If we can solve the standardization crisis and close the regulatory predictability gap, the potential of organoid technology is limitless. We are moving toward a future of personalized medicine, where we can model an individual's biological responses before the first dose of a drug, cell therapy, or gene therapy is ever administered.
Imagine testing drug efficacy and toxicity on an organoid or organ-on-a-chip “avatar” derived from a specific patient. This capability would allow us to stratify patients for clinical trials, selecting only those most likely to respond, thereby increasing success rates and reducing the number of human subjects needed for testing. Furthermore, by using standardized iPSCs, we can generate libraries of organoids that represent national or global population diversity, ensuring that drugs are safe for all demographics, not just a select few.

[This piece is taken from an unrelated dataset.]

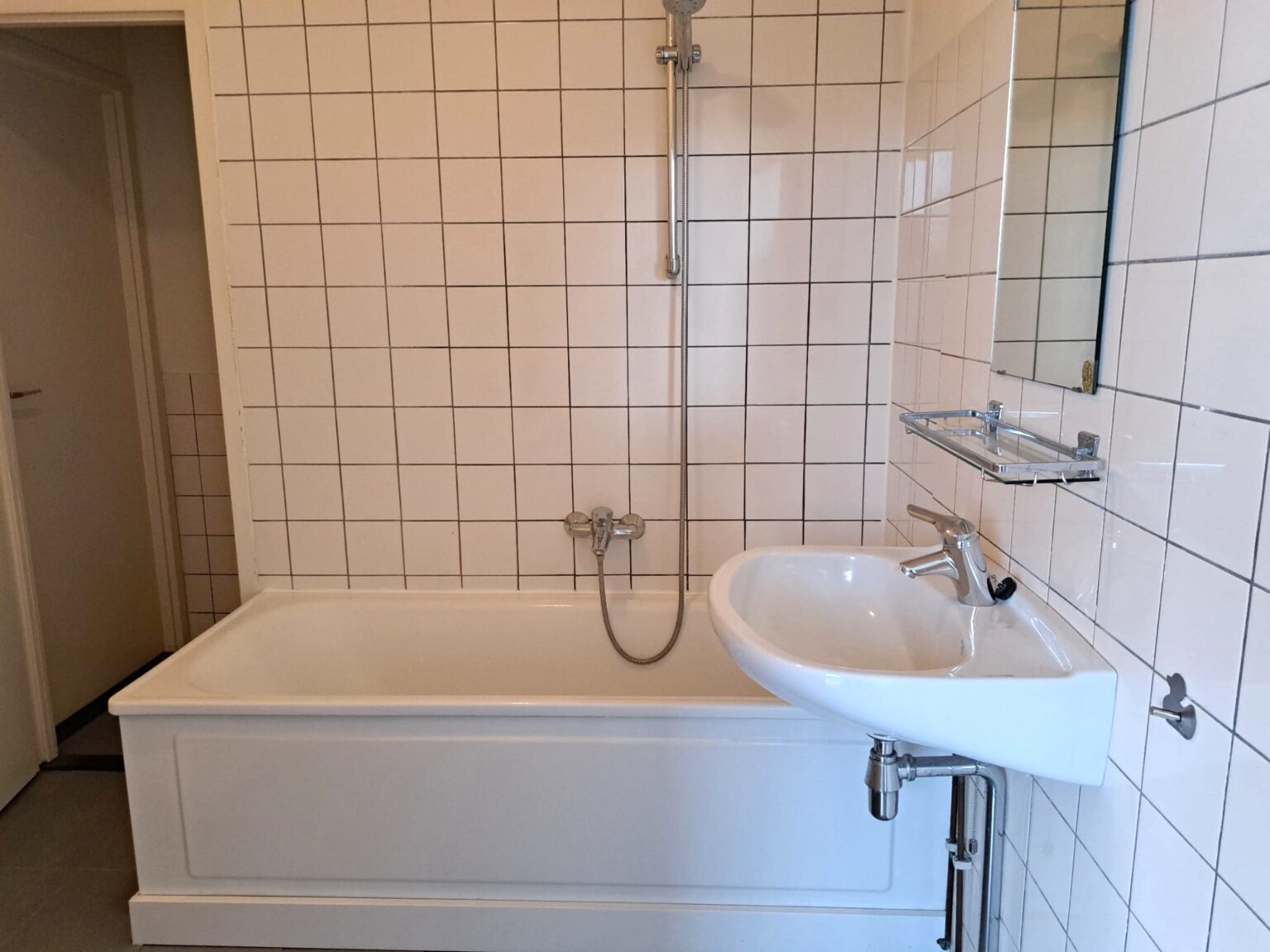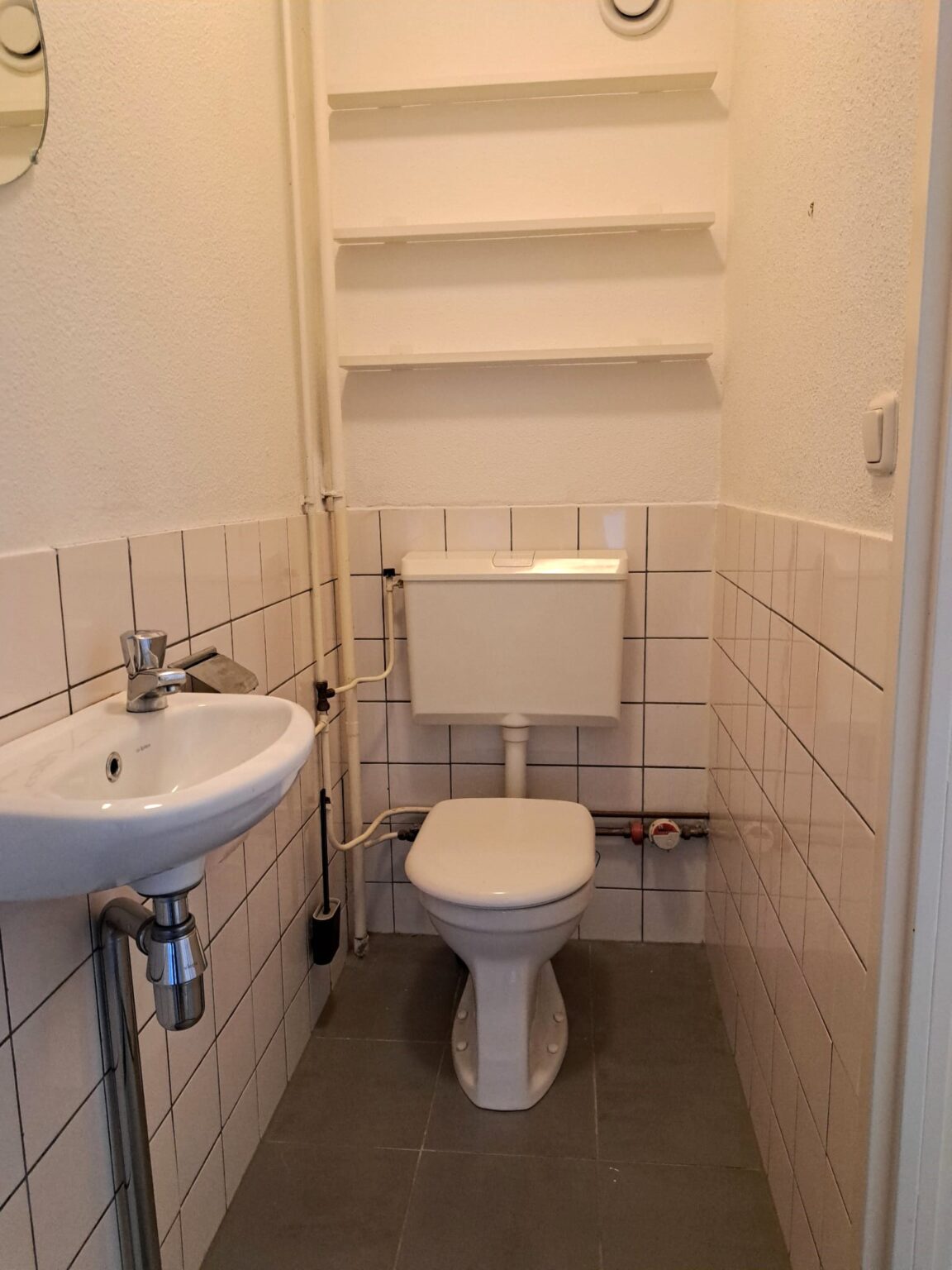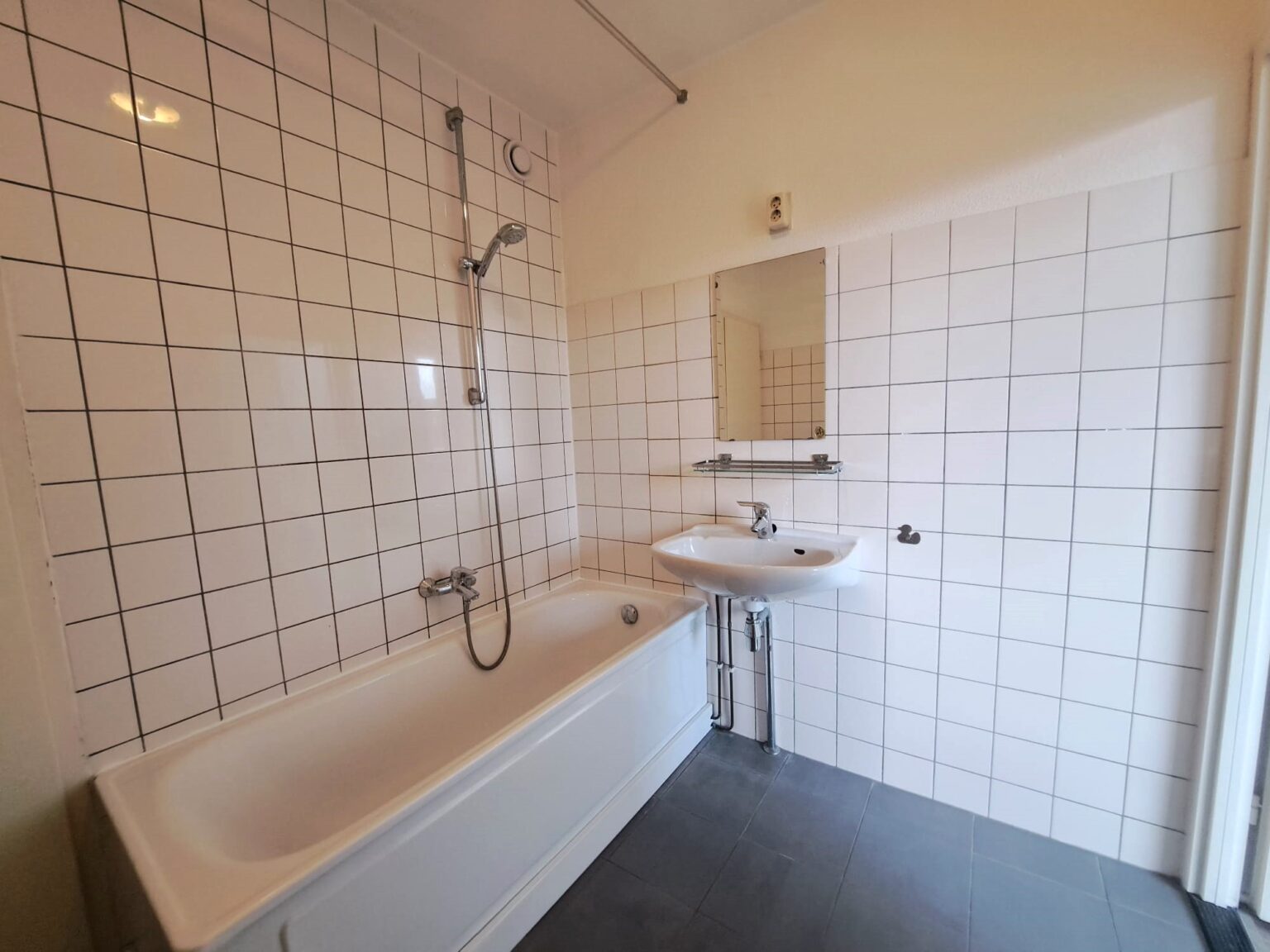 De badkamer is direct toegankelijk vanuit de slaapkamer en is praktisch ingericht, zodat je voldoende ruimte hebt. Achter de badkamer bevindt zich het toilet, dat van twee kanten bereikbaar is.

Industry needs to take the lead on these cutting-edge technologies. This is why Pluristyx has formed the Organoid COMMONS, a public-private consortium working to establish the global standards and reference materials and methodologies the industry desperately needs. By pooling the expertise of industry leaders and working with regulators, we can hopefully validate these New Approach Methodologies once, rather than forcing every sponsor to reinvent the wheel, adding significant cost and time to therapeutic programs.
We have the mandate. We have the technology. Now, we must build the roadmap to achieve success. By combining standardized biological inputs with scalable engineering and a clear regulatory timeline, we can transform organoids from a promising experiment into the new standard for drug discovery. The tools are in our hands; it is time to industrialize them.